Mike Auldridge is joined on this, his final recording, by fellow dobro masters Jerry Douglas and Rob Ickes. A fitting capstone to a legendary career.
Jerry Douglas, Rob Ickes, Mike Auldridge
Three Bells
Rounder
2014-09-16

The last time Mike Auldridge, Jerry Douglas, and Rob Ickes appeared together on an album was 1994’s Grammy Award-winning The Great Dobro Sessions, where they were joined by seven other esteemed players of the distinctive instrument. When you gather a group of the best pickers working, it’s inevitable, and indeed hoped for, that there will be a little good-natured competition and one-upsmanship as the younger players demonstrate why they belong in the group while the oldsters show the kids what they still have to learn. That was certainly the case with The Great Dobro Sessions, and it added a charge to all the players involved. In the case of this album of three veterans of that project, the charge comes from a different inspiration. Eighteen years on from the Sessions album, Douglas, Ickes, and Auldridge have nothing left to prove to themselves or each other. This is, rather, a celebration of a different, and weightier, kind of opportunity: the last chance to play with one of the masters of the instrument.

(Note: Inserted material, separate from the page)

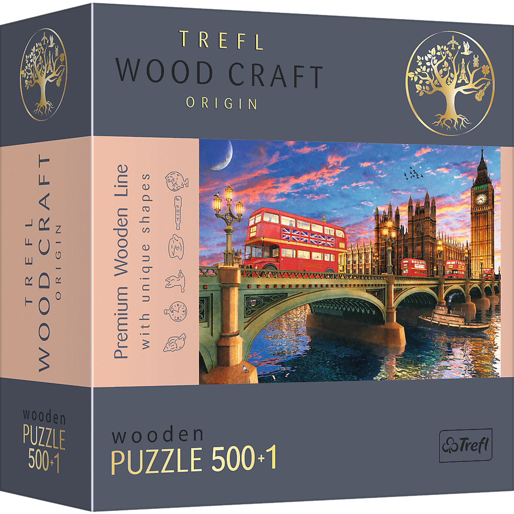 Пазли фігурні з дерева на 500 + 1 елм "Вестмінстерський палац, Біг-Бен, Лондон" Серія пазлів 500+ 1 штука, ідеально підходить для всіх любителів пазлів, вона дозволить створити картину розміром 37,5 х 25,4 см із зображенням Вестмінстерського палацу, Біг-Бену, Лондона.Пазл виготовлений з дерева, а екологічно чиста упаковка повністю з картону.Пазли містять неправильні частини та 50 фігур у формі тварин.Пазл можна також складати на зворотню сторону. Складніший варіант головоломки, тому що нанесений чорно-білий орнамент.

Mike Auldridge spent the last 10 years of his life fighting prostate cancer. Never fond of the rigors of touring (there’s a reason the legendary band he co-founded was called The Seldom Scene), he remained active in recording projects during that time. But as Jerry Douglas explains in the liner notes, by 2011 everyone was aware that if they didn’t make time to sit down together and get this long talked about collaboration on tape, it wasn’t going to happen. So, they made the time and gathered at Auldridge’s Maryland home, where Douglas and Ickes let their elder pick the program and lead the proceedings.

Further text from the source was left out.